At block 1302, the first graph 302A associated with the first task following the incoming graph learning tasks including the sequence of second graphs 120 may be received. In an embodiment, the processor 204 may be configured to receive the first graph 302A associated with the first task following the incoming graph learning tasks including the sequence of second graphs 120. Details related to the reception of the first graph are described further, for example, in FIG. 3.

At block 1304, the set of sample graphs 308 may be selected from the set of CGDs 306 associated with the incoming graph learning tasks. In an embodiment, the processor 204 may be configured to select the set of sample graphs 308 from the set of CGDs 306 associated with the incoming graph learning tasks.
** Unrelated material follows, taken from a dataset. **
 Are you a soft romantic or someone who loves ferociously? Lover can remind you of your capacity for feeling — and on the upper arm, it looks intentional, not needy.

Details related to the selection of the set of sample graphs are described further, for example, in FIG. 3.

At block 1306, the set of statistics associated with the set of CGDs 306 may be updated, based on the one or more auxiliary GNN models 310. In an embodiment, the processor 204 may be configured to update the set of statistics associated with the set of CGDs 306, based on the one or more auxiliary GNN models 310. Details related to the update of the set of statistics are described further, for example, in FIG. 3.

At block 1308, the first CGD associated with the first task may be learned, based on the update of the set of statistics. In an embodiment, the processor 204 may be configured to learn the first CGD associated with the first task, based on the update of the set of statistics. Details related to the learning of the first CGD are described further, for example, in FIG. 3.
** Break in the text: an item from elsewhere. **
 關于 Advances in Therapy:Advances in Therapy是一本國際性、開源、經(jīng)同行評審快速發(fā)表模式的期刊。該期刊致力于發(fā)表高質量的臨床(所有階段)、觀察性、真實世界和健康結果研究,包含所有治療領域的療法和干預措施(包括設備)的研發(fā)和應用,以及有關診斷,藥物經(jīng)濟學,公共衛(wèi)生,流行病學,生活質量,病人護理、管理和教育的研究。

At block 1310, the plurality of sample graphs (e.g., the sample graphs 318A, 318B, . . . and 318T) may be re-selected from the first CGD and the set of CGDs 306. In an embodiment, the processor 204 may be configured to re-select the plurality of sample graphs 318A, 318B, . . . and 318T from the first CGD and the set of CGDs 306. Details related to the re-selection of the plurality of sample graphs are described further, for example, in FIG. 3.

At block 1312, the first loss may be determined based on the first graph 302A, the plurality of sample graphs 318A, 318B, . . . and 318T, and the primary GNN model 110. The first loss may correspond to a prediction error associated with a downstream prediction task of the primary GNN model 320. For example, the first loss may be determined based on a squared-error loss associated with an output (e.g., a measure of difference between embeddings of the first graph 302A and embeddings of each of the plurality of sample graphs) of the primary GNN model 320. In an embodiment, the processor 204 may be configured to determine the first loss based on the first graph 302A, the plurality of sample graphs 318A, 318B, . . . and 318T, and the primary GNN model 110. The primary GNN model 320 may be configured to generate the prediction result 322 for downstream prediction task, based on the first loss. Details related to the determination of the first loss are described further, for example, in FIG. 3.

At block 1314, rendering of the first information including the prediction result 322 associated with the downstream prediction task may be controlled, based on the primary GNN model 320. In an embodiment, the processor 204 may be configured to control rendering of the first information including the generated prediction result 322 associated with the prediction task, based on the primary GNN model 320. For example, the processor 204 may generate the first information based on the generated prediction result 322. Further, the processor 204 may control rendering (e.g., display) of the generated first information on a display device (e.g., the display device 208A) associated with the electronic device 102. Control may pass to end.

Although the flowchart 1300 is illustrated as discrete operations, such as 1302, 1304, 1306, 1308, 1310, 1312, and 1314, the disclosure is not so limited. However, in certain embodiments, such discrete operations may be further divided into additional operations, combined into fewer operations, or eliminated, depending on the particular implementation without detracting from the essence of the disclosed embodiments.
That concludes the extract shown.